Placez les plaques dans un sac en plastique refermable et incubez à 37 degrés Celsius pendant au moins 30 minutes pour M. smegmatis. Avant de lire la fluorescence, placez les microplaques CARA dans une hotte de biosécurité pendant 15 minutes à température ambiante avec les couvercles retirés. Lorsque vous utilisez des spectrophotomètres BSL3 à l’extérieur d’une enceinte de biosécurité, collez un autocollant PCR de qualité optique sur la plaque et utilisez une serviette en papier doux pour bien sceller en appuyant doucement sur la surface de l’autocollant.

Déterminer la fluorescence par lecture supérieure avec excitation à 530 nanomètres et émission à 590 nanomètres. Il n’est pas nécessaire de blanchir la plaque. Pour analyser les données, tracez la concentration de l’inhibiteur sur l’axe des X sur une échelle log10 et la fluorescence sur l’axe des Y sur une échelle linéaire.

Pour plus de détails, reportez-vous au protocole texte. La concentration de l’agent d’essai qui empêche la fluorescence CARA d’augmenter au-dessus des niveaux de fond est le CARA-MBC supérieur à 99 qui est illustré ici. L’indice grand supérieur à 99 indique que le CARA-MBC fournit une concentration estimée de l’agent d’essai, ce qui donne lieu à une destruction bactérienne supérieure à deux log10.

Les composés sont soupçonnés d’exercer un effet post-antibiotique s’ils présentent une fenêtre statique, définie comme un décalage supérieur à quatre fois vers la droite entre les courbes CMI et CARA. La fenêtre statique indique qu’une molécule active contre la réplication de M. tuberculosis peut être bactériostatique au lieu d’être bactéricide.

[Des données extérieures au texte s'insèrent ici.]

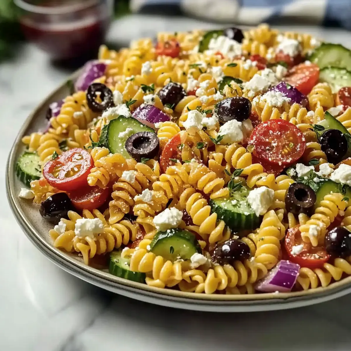 Jump to Recipe Print RecipeSummer picnics and potlucks just got a delicious overhaul! With this Healthy High Protein Pasta Salad No Mayo, I’ll show you how to create a Mediterranean-inspired dish that’s as vibrant as it is satisfying. By swapping heavy mayo for a zesty vinaigrette, I’ve transformed the classic pasta salad into a refreshing option packed with protein from rotini and a colorful array of crisp vegetables. Not only is this salad ideal for meal prep, but it’s also a delightful crowd-pleaser that won’t leave you feeling weighed down. Ready to see how easily you can whip up this light, nutritious salad that’s bursting with flavor? Let’s dive in! Why is this salad a game-changer? Freshness is at the forefront of this delightful High Protein Pasta Salad No Mayo! With a zesty vinaigrette that elevates the flavors, this dish is perfect for anyone looking to break free from heavy, mayo-laden salads. Packed with protein, the rotini and an array of vibrant vegetables provide a satisfying bite that’s both light and nourishing. Versatile enough for meal prep or serving at summer gatherings, it adapts to your dietary needs, making it a hit in any setting. If you love hearty salads, you might also enjoy our Chickpea Salad with Grilled Vegetables or the refreshing Thai Chicken Salad. Enjoy the ease of preparation and the ability to customize flavors, ensuring everyone will be coming back for seconds! High Protein Pasta Salad No Mayo Ingredients • Get ready to create this vibrant dish! For the Salad Rotini – Provides structure and holds the vinaigrette well; consider using protein-enhanced pasta for extra nutrition. Red Bell Pepper – Adds sweetness and crunch; substitute with yellow or orange for a sweeter variant. English Cucumber – Contributes refreshing crunch; can be swapped for regular cucumber with peeling. Broccoli – Offers texture and a nutrient boost; substitute with additional cucumber or bell pepper if desired. Cherry Tomatoes – Adds juiciness and color; grape tomatoes make a sweeter alternative. Red Onion – Provides a sharp flavor contrast; can use shallots for a milder taste. Fresh Parsley and Basil – Enhance freshness and aroma; feel free to use any fresh herb like cilantro or dill. Dried Oregano – Adds earthy flavor; Italian seasoning can be used instead for convenience. Feta Cheese – Brings creaminess and tang; crumbled goat cheese can be a delightful alternative, or omit for a dairy-free option. Black Olives – Adds brininess; substitute with green olives if you want a different flavor profile. For the Dressing Olive Oil – The base for the dressing, providing healthy fats; light olive oil works just as well. Red Wine Vinegar – Adds tang and brightness; can be substituted with white wine vinegar or apple cider vinegar for lighter flavor. Dijon Mustard – Emulsifies and adds flavor depth; yellow mustard is a suitable alternative if Dijon isn’t available. Garlic – Provides aromatic depth; garlic powder can serve as a quick substitute in a pinch. Salt and Pepper – Essential for seasoning; adjust these to taste for the perfect finish. With these fresh and flavorful High Protein Pasta Salad No Mayo ingredients, you’re well on your way to crafting a dish that not only nourishes but tantalizes the taste buds! Step‑by‑Step Instructions for High Protein Pasta Salad No Mayo Step 1: Prep Ingredients Start by dicing the red bell pepper, slicing the English cucumber, and halving the cherry tomatoes. Mince a small amount of red onion, and chop the fresh parsley and basil. Place all these vibrant ingredients into a large mixing bowl, ensuring everything is ready for your colorful High Protein Pasta Salad No Mayo. This prep will make the assembly smooth and efficient. Step 2: Make the Dressing In a small bowl, whisk together minced garlic, olive oil, red wine vinegar, Dijon mustard, salt, and pepper. Stir vigorously until the mixture is well combined and smooth. Let the dressing rest for a few minutes to allow the flavors to meld, adding a zesty punch to your High Protein Pasta Salad No Mayo once dressed. Step 3: Cook Pasta Bring a large pot of salted water to a rolling boil over high heat. Add the rotini and cook for about 8-10 minutes, or until al dente. Drain the pasta in a colander and immediately rinse under cold water to stop the cooking process and remove excess starch. This step ensures your pasta maintains a firm bite in the salad. Step 4: Combine In the large bowl with your chopped vegetables, add the cooled rotini, crumbled feta cheese, black olives, and dried oregano. Gently fold all the ingredients together, mixing until everything is evenly distributed. The combination of flavors and textures will make your High Protein Pasta Salad No Mayo truly delightful. Step 5: Dress the Salad Pour the prepared vinaigrette over the salad mixture and toss gently to coat everything evenly. Be careful not to mash the ingredients; a light hand will keep the salad looking fresh and vibrant. Taste the High Protein Pasta Salad No Mayo and adjust seasoning, adding more salt or pepper as needed for your personal preference. High Protein Pasta Salad No Mayo Variations Feel free to get creative and customize this delightful salad to suit your taste! Pasta Shape: Swap rotini for penne or farfalle for a playful twist in texture. This simple change can make your salad feel entirely new. Add Protein: Toss in diced chicken or chickpeas for an extra protein boost. It’s a great way to make your salad more filling and satisfying! Veggie Swap: Switch out broccoli for zucchini or asparagus to delight your taste buds with seasonal favorites. Seasonal vegetables ensure freshness and can elevate the dish’s appeal. Herb Variations: Experiment with different fresh herbs, like cilantro or dill, to add unique flavor profiles. Each herb offers its own wonderful aroma, transforming your salad into an adventurous dish. Cheese Choices: Use crumbled goat cheese ins

Pour les molécules ayant un puissant effet post-antibiotique, les fenêtres statiques peuvent être difficiles à observer et elles ne sont apparentes qu’après l’inspection d’un axe Y élargi pour la fluorescence CARA, comme on le voit ici.

Les molécules actives réplicatives et non réplicatives testées par MIC90 et CARA sont présentées ici. Bien que l’isoniazide et le linézolide semblent avoir une activité contre les bactéries non répliquantes selon le test MIC90, le CARA suggère qu’ils sont inactifs dans les conditions non réplicatives testées. Dans cette expérience CARA, l’exposition de M. smegmatis à des concentrations croissantes de rifampicine a révélé un impact en aussi peu qu’une heure et a montré une activité bactéricide croissante entre trois et 24 heures, tuant plus de deux à trois log10 à environ 10 microgrammes par millilitre pendant 24 heures.

Une fois maîtrisée, cette technique peut être réalisée en environ deux heures pour préparer les plaques, en moins d’une heure pour transférer les cellules sur les plaques CARA, et en environ une à deux heures pour développer et mesurer la fluorescence des plaques CARA si elle est effectuée correctement. Lors de la tentative de cette procédure, il est important de se rappeler d’utiliser le CARA comme test prédictif pour déterminer si un composé a une activité bactéricide ou bactériostatique contre les mycobactéries qui se répliquent ou non. Après avoir regardé cette vidéo, vous devriez avoir une bonne compréhension de la façon de configurer un CARA et d’analyser les données de manière à aider à prédire le type d’activité d’un composé.

Merci d’avoir regardé et bonne chance dans vos expériences.